* **Action item**
Begin at the line containing "Nun ist sie" in the records below, end at the line containing "Disclaimer: Official website", and retype each line in that span exactly. No other line and no image should appear.

* **Input data**
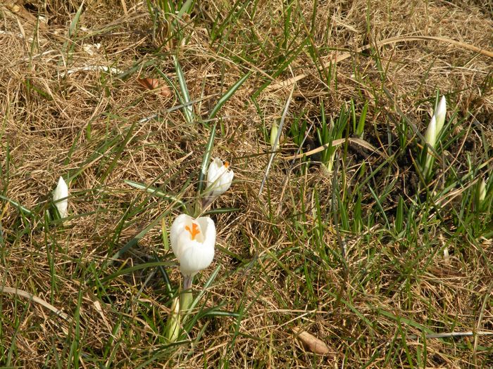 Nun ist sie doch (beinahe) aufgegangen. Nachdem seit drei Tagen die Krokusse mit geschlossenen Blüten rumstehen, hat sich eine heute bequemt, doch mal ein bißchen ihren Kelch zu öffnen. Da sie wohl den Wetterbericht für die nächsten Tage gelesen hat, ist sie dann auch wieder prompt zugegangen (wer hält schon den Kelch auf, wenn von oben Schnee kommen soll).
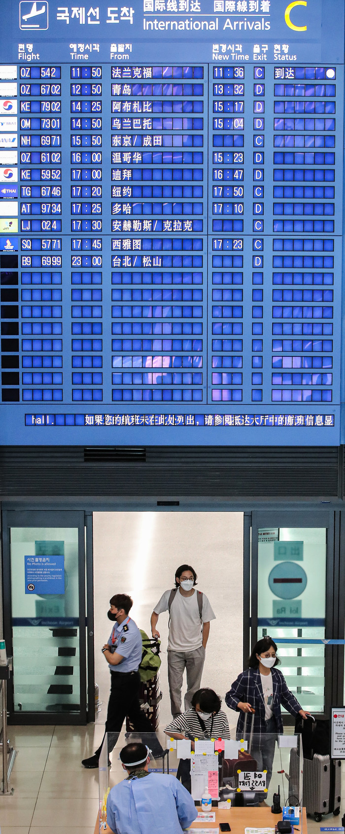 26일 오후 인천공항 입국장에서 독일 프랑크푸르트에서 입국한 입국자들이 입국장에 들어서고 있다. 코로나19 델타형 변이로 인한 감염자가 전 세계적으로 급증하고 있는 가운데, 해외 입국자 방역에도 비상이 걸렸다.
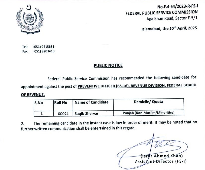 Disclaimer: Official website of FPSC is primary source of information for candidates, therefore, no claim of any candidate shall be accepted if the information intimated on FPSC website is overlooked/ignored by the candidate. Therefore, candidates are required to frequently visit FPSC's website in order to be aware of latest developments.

--

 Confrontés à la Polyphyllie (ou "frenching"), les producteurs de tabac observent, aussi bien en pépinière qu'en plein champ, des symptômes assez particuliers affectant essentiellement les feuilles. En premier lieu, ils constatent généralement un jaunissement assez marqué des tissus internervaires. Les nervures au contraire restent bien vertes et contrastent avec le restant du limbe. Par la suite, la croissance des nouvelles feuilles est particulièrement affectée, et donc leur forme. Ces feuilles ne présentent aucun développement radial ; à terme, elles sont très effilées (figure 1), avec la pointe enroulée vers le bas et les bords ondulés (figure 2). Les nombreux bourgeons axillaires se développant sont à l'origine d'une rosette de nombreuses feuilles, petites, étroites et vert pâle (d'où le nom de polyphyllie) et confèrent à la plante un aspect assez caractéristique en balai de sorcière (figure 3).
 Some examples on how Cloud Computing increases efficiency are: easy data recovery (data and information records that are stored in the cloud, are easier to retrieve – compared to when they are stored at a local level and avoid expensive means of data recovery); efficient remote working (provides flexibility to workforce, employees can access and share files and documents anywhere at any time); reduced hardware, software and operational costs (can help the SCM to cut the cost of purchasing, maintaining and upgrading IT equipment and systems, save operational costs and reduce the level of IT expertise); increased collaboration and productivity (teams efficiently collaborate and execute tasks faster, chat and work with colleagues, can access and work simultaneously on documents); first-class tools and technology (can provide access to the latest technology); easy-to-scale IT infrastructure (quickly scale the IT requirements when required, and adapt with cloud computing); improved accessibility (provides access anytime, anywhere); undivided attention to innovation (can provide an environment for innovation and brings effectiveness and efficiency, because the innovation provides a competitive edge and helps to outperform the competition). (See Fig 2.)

* **Exercise response**
 Nun ist sie doch (beinahe) aufgegangen. Nachdem seit drei Tagen die Krokusse mit geschlossenen Blüten rumstehen, hat sich eine heute bequemt, doch mal ein bißchen ihren Kelch zu öffnen. Da sie wohl den Wetterbericht für die nächsten Tage gelesen hat, ist sie dann auch wieder prompt zugegangen (wer hält schon den Kelch auf, wenn von oben Schnee kommen soll).
 26일 오후 인천공항 입국장에서 독일 프랑크푸르트에서 입국한 입국자들이 입국장에 들어서고 있다. 코로나19 델타형 변이로 인한 감염자가 전 세계적으로 급증하고 있는 가운데, 해외 입국자 방역에도 비상이 걸렸다.
 Disclaimer: Official website of FPSC is primary source of information for candidates, therefore, no claim of any candidate shall be accepted if the information intimated on FPSC website is overlooked/ignored by the candidate. Therefore, candidates are required to frequently visit FPSC's website in order to be aware of latest developments.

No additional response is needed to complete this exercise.